The team got big- time bonuses and raises and
all kinds of rewards. They were even sent to Hawaii, where Sam Mueller met his
wife. She wasn’t Hawaiian, she was an assistant on the project whom he had
never really gotten to know, but then one night on Kauai they both got drunk, walked
on the beach, watched the most beautiful sunset in the world, and fell madly in
love.
Maggie was a great companion for Sam. Smart,
easygoing, and very supportive. He
could talk to her about his ideas and she would not only listen but also
encourage him. The idea she liked most was an interesting one. Something about
using a person’s own blood to attack cancer cells.
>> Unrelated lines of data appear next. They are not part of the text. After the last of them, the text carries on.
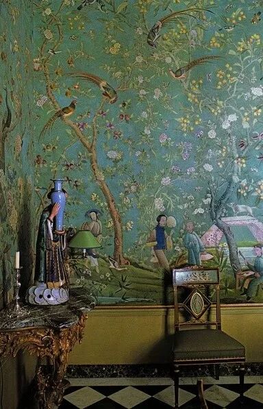 美国驻伦敦大使海恩斯格雷伯,房子里装饰着老的中国手绘墙纸。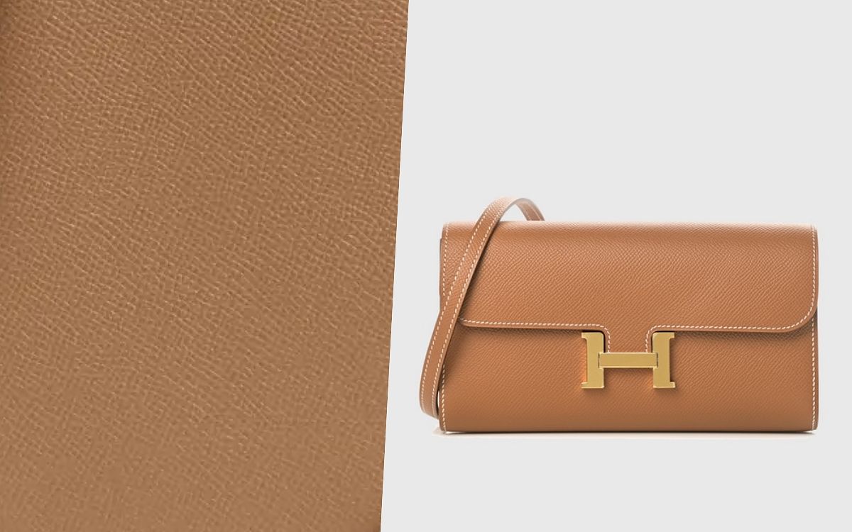 愛馬仕最普及的經典小牛皮革,擁有品牌獨有的人工壓紋技術,皮革具塑膠感、質感硬挺且防水、防刮且耐磨,但大力刮出傷痕會無法恢復,同時整體重量較Togo更加輕盈,制成包款后結構扎實,包型輪廓不易松垮好整理,因此也是入門愛馬仕包款或皮件的極佳選擇。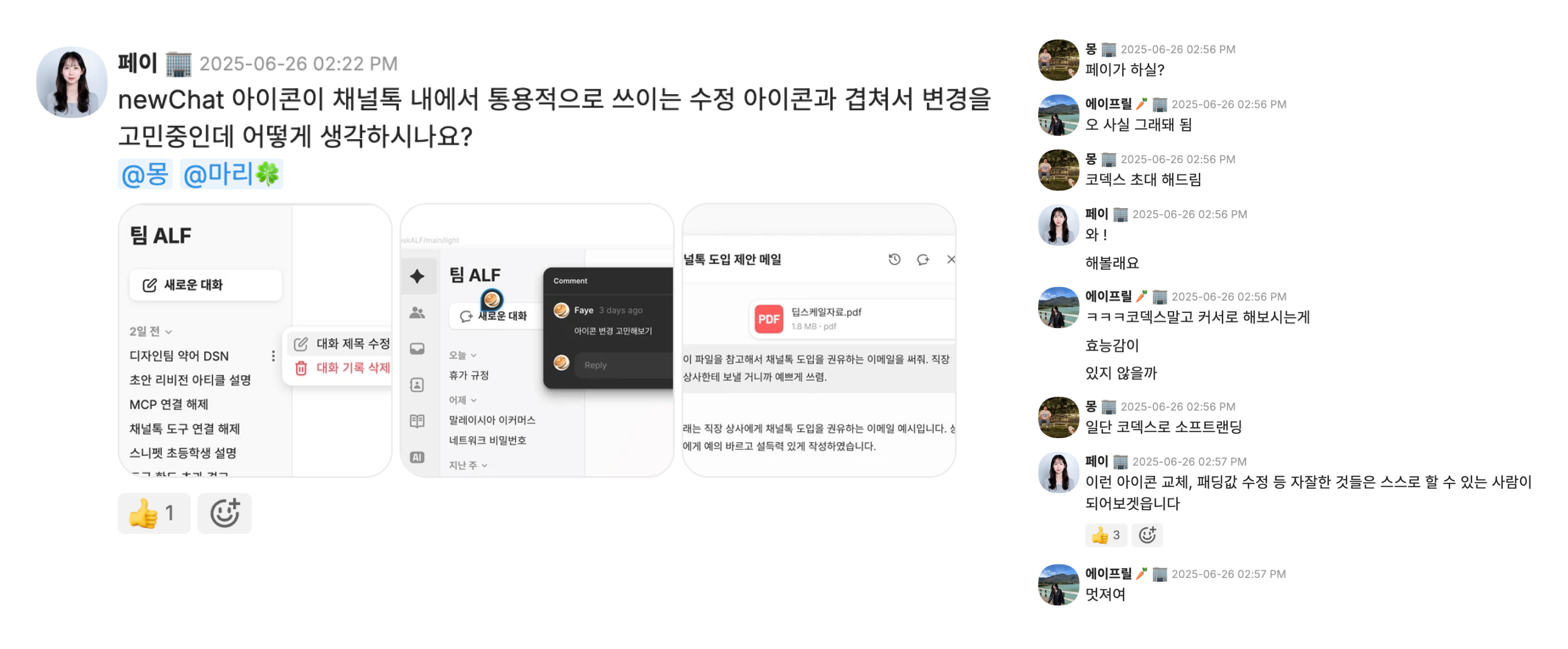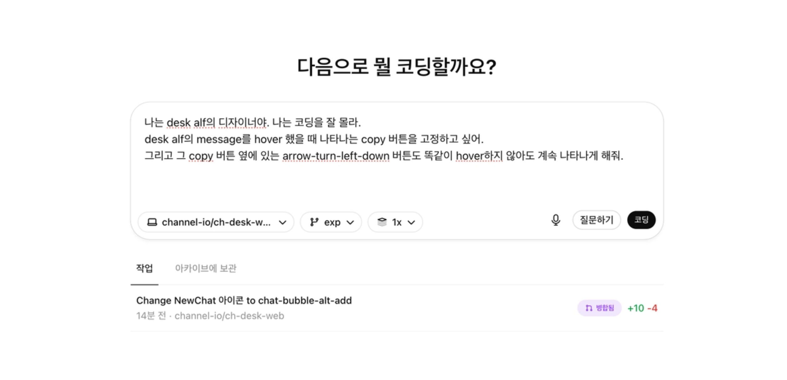 당시 채널톡의 사내용 AI인 팀 ALF를 만들고 있던 저는 수정 아이콘 하나를 바꾸고 싶었는데, 함께 일하는 스쿼드의 개발자들이 너무 바쁜 상황이었어요. 마침 개발자들이 Codex를 써보고 있던 참이었는데, 개발 리드가 저한테 직접 아이콘을 수정해보라며 Codex에 초대해 주셨어요.

Sam was convinced that if a person’s blood
was combined with someone else’s blood that wasn’t compatible, if the
combination of the two was just right, one person’s blood cells would fight not
only the other blood cells but the foreign bodies in their system as well,
including the cancer.
But the real break came when Pfizer merged
with a Swiss firm and Sam was let go. Thank God he never told anyone there
about what he was working on or they would have owned it.
With Maggie’s help, Sam Mueller raised three
hundred thousand dollars, took on a partner, and started Immunicate. His blood
idea was in the right direction but it didn’t work properly; it knocked out
cancer cells but attacked the other organs, too, and the body’s immune system
went into overdrive, killing everything. Something had to be done to make the
blood combination work against the disease without working against the rest of
the body. The answer turned out to be common amino acids.
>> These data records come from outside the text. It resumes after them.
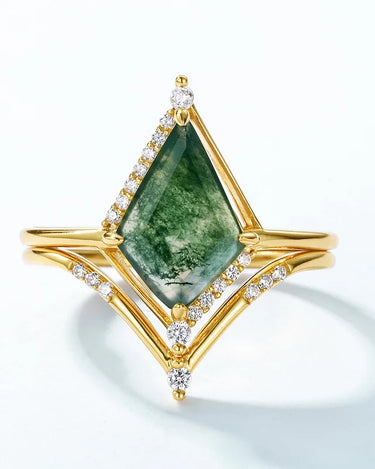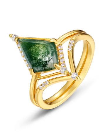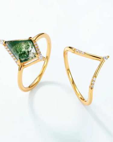 Moss Agate Engagement Ring with kite cut Stackable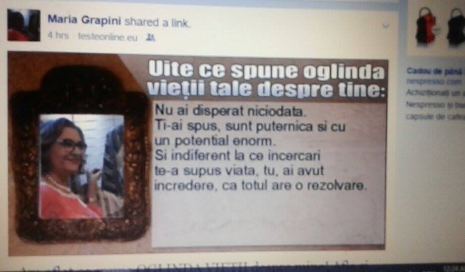 Maria Grapini a distribuit pe pagina ei de Facebook o aplicaţie intitulată „Uite ce spune oglinda vieţii tale despre tine”, care face o caracterizare a distinsei europarlamentare: „Nu ai disperat niciodata. Ti-ai spus, sunt puternica si cu un potential enorm. Si indiferent la ce incercari te-a supus viata, tu, ai avut incredere, ca totul are o rezolvare.”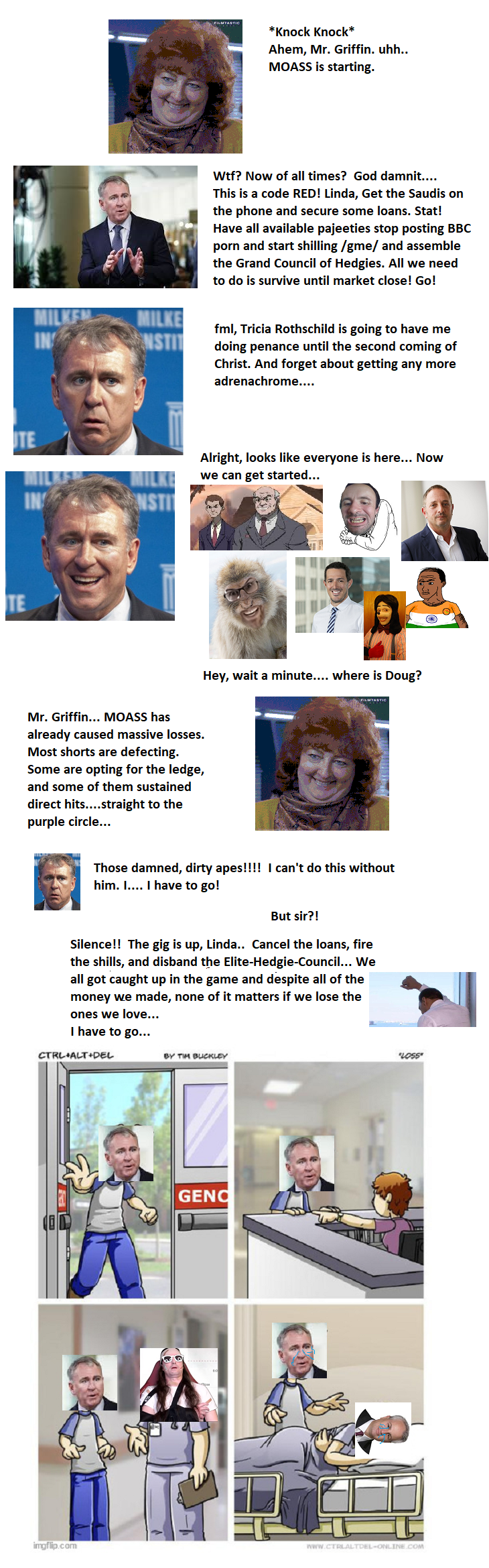 >Make GME price go upNooooooooo Ryan not like that! You have to leave them behind! I care about this more than getting paid for some reason! Look at all the IDs we spam in every thread! We’re the majority opinion! Consensus is with us! Conform to consensus opinion! Reeeeeeeeee!I don’t care if Ryan merges GME with deep sea shrimping, bum fights, trans meat, and the Mexican drug cartels as long as I get paid.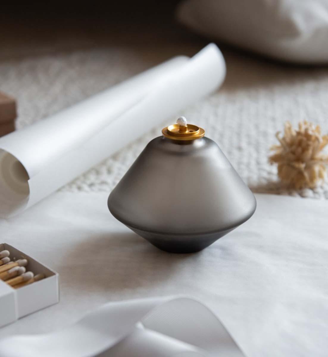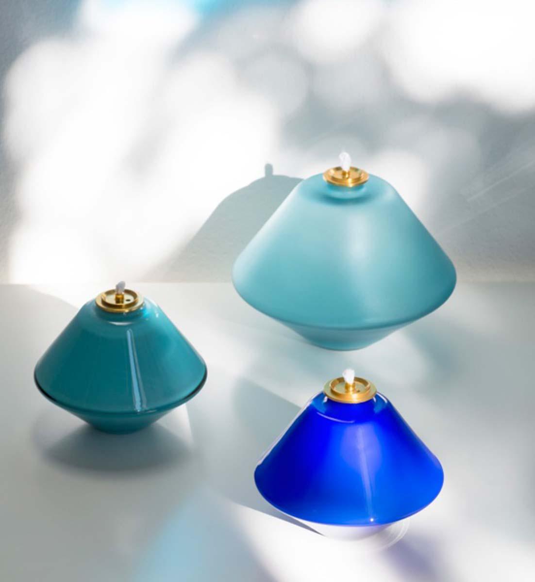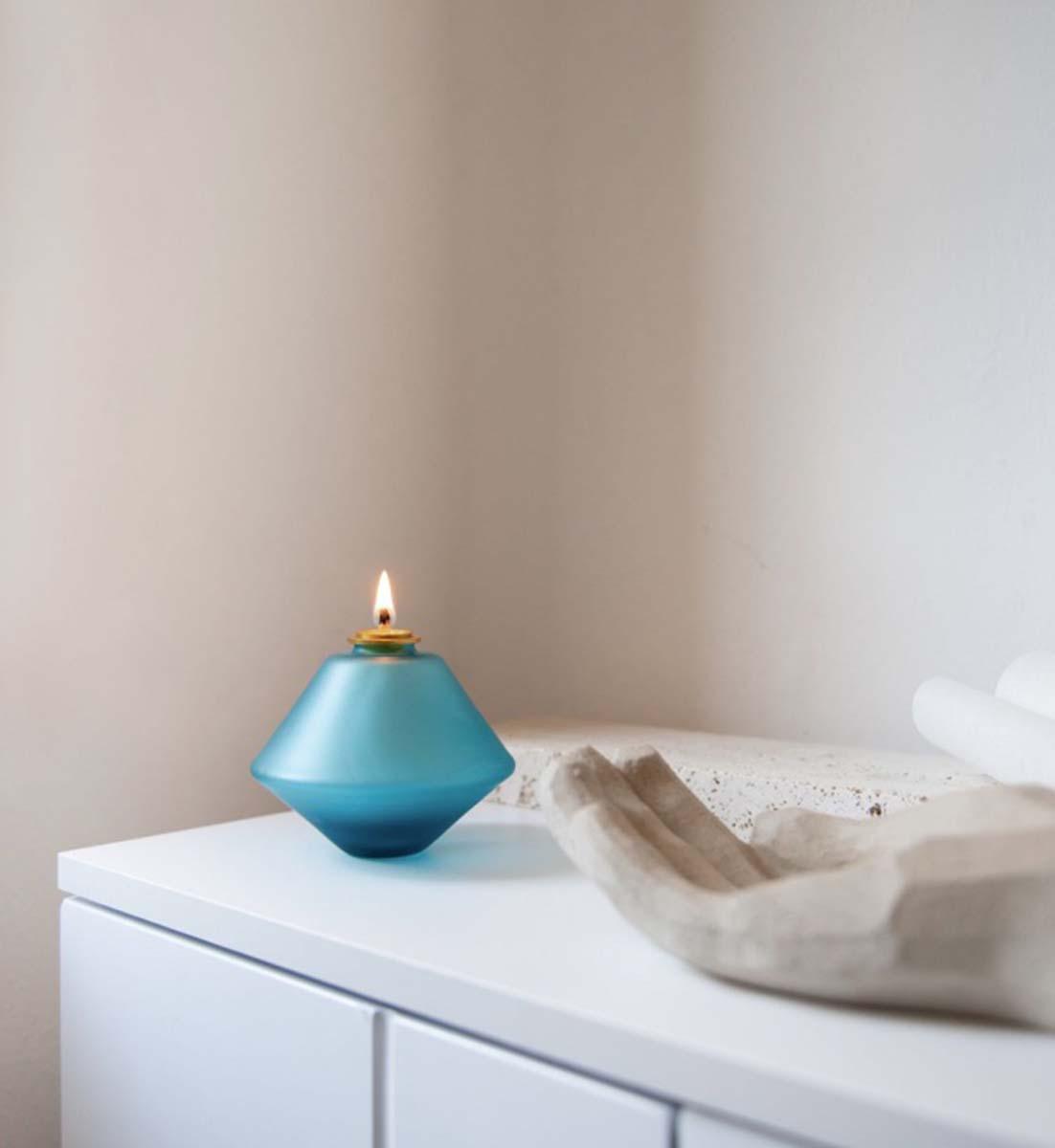 Diese gläserne Öllampe ist eine moderne Interpretation eines antiken Gefässes kombiniert mit einer modernen, geometrischen Form in reinen und schimmernden Farben.

Sam and his partner, Ben Wasser, spent an
entire year injecting the blood with different aminos. With the help of
computers they tried millions of combinations. There were so many months where they felt it
was not going to work. And then on the night of June 30, 2014, they put
together alanine, isoleucine, proline, and tryptophan. Four common amino acids
that had never been combined before, certainly not in this precise measurement.
Two years later, over ninety- four percent
of the participants in the human trials were cancer- free. There were still
rare cancers that did not respond, but all the big ones were knocked out, and
the success was so overwhelming that trials were stopped early and the drug was
available to the general population by the spring of 2016.